The town Charli lived in stole the name of New Orleans, yet it resided slightly off the city marker and a smudge away from the S on a map. The kids in East roamed around the streets bouncing basketballs and dancing along to the songs blasting from shiny cars with names that filled with letters that didn't make the sounds their teachers said they did. They had nothing better to do, Charli believed, cause they stayed outside all night laughing and smelling like grass.
The air in East carried the strong scent of gasoline all the way from New Orleans and kicked up the red soil that a few kids ate for fun. Charli loved the town; she hated the idea of sharing East with her family. She discovered the village, she called it, after the flawless dark man dropped her off on the side of the road and drove away — he took Charli's kisses and pride with him.
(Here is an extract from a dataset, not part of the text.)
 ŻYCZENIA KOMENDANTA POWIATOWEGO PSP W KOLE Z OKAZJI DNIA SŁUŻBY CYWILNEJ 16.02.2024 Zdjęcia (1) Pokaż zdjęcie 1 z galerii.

The hot wind whispered through Charli's coiled hair and picked up the ends of her tasseled dress as she sat on her front porch. It dried the sweat trickling down her neck and the backs of her thighs. Rosa Glen said the river down three blocks from her neighborhood trapped in the hot air like a bag in a vacuum, but the constant waves of heat blowing through the open doors in East told another story. Charli figured that without that river, East would be hotter than the Devil in a crowded church.
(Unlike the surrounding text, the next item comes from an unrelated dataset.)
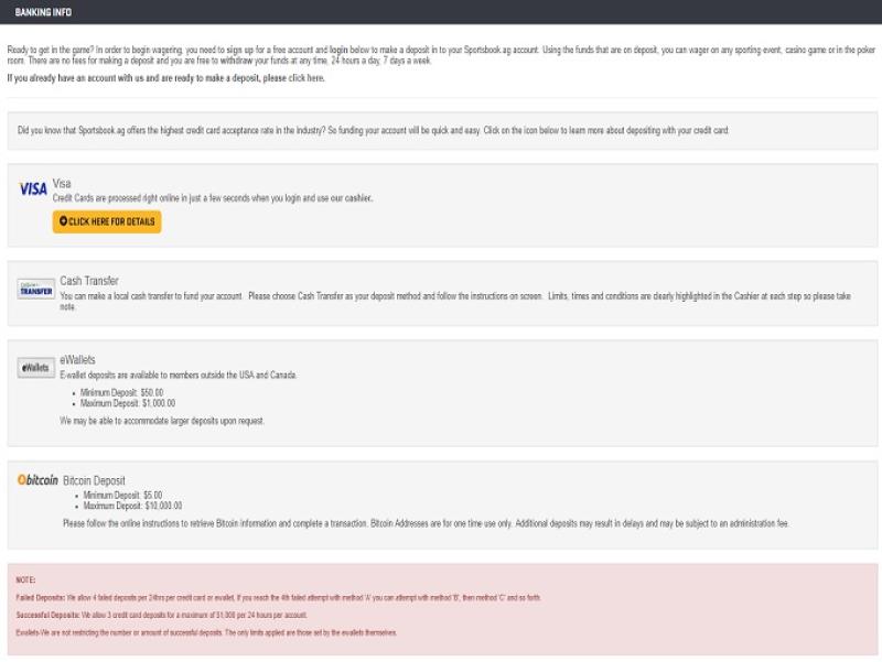 يتم تشغيل Sportsbook Casino بواسطة BetSoft and Proprietary ، والذي يمنح اللاعبين فرصة لعب ألعاب الكازينو مباشرة من خلال متصفح الويب الخاص بك.خيارات الخدمات المصرفية في Sportsbook Casino

"I heard you got family coming down here," Duke showed off his open mouthed smile that made Charli wonder if he even knew how to close it.
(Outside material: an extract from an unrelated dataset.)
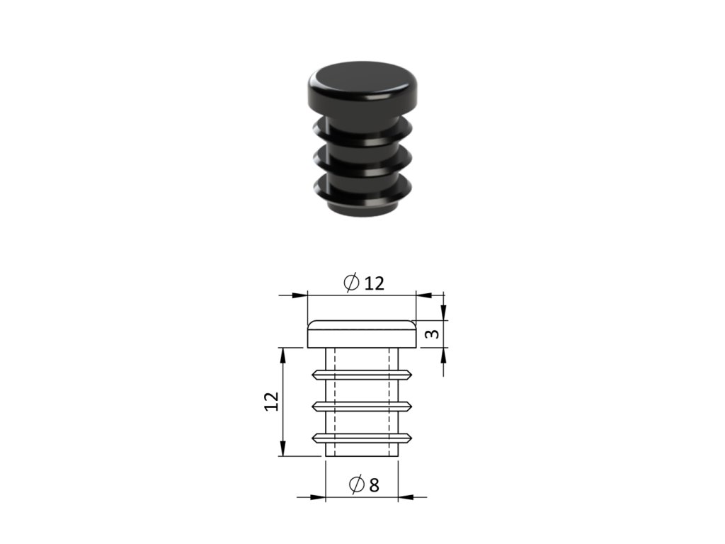 Vnútorná krytka guľatá ø 12 mm, plastová, čierna

Word traveled in East faster than hot wind, and Rosa Glen had a major part to do with it, but Duke dominated a bigger piece. Between his smiling and his talking, nobody ever saw the faux-mailman with his mouth shut. He had a lot of friends, mostly because he delivered people's mail and sat on their porches until the sun rose right back up in the sky.
The people in East were never given a mailman, they didn't even know who assigned mailmen. People just walked up to the post office, directly across the street from Charli's home, got their mail, and left right out until Duke took the role. The town didn't pay him with the little money they had, but people tipped the nosy man with desserts and family stories.
Charli gave him neither; she barely even liked the man. The magnetic air around him and the large white teeth that he loved to show reminded her too much of the dark man that dropped her in East in the first place. Her resentment towards the strange man festered in the darkness of her womb like a parasite until it was expunged from her life months later. The parasite suckled the resentment away from her and she watched as it metamorphosed into tangible sadness.
Duke handed her a envelope carrying, as usual, her bill, and sat beside her on the porch without waiting for an invitation.
Charli simply stared at the ink on the white paper in her hands and acted as though Duke turned around and continued down the street.
Her silence didn't ward him off, so he continued, "I ain't think you had any family at first, Ms. Charli. I thought you was a widow, then I thought you was lonely by choice, and then I thought you was a killer."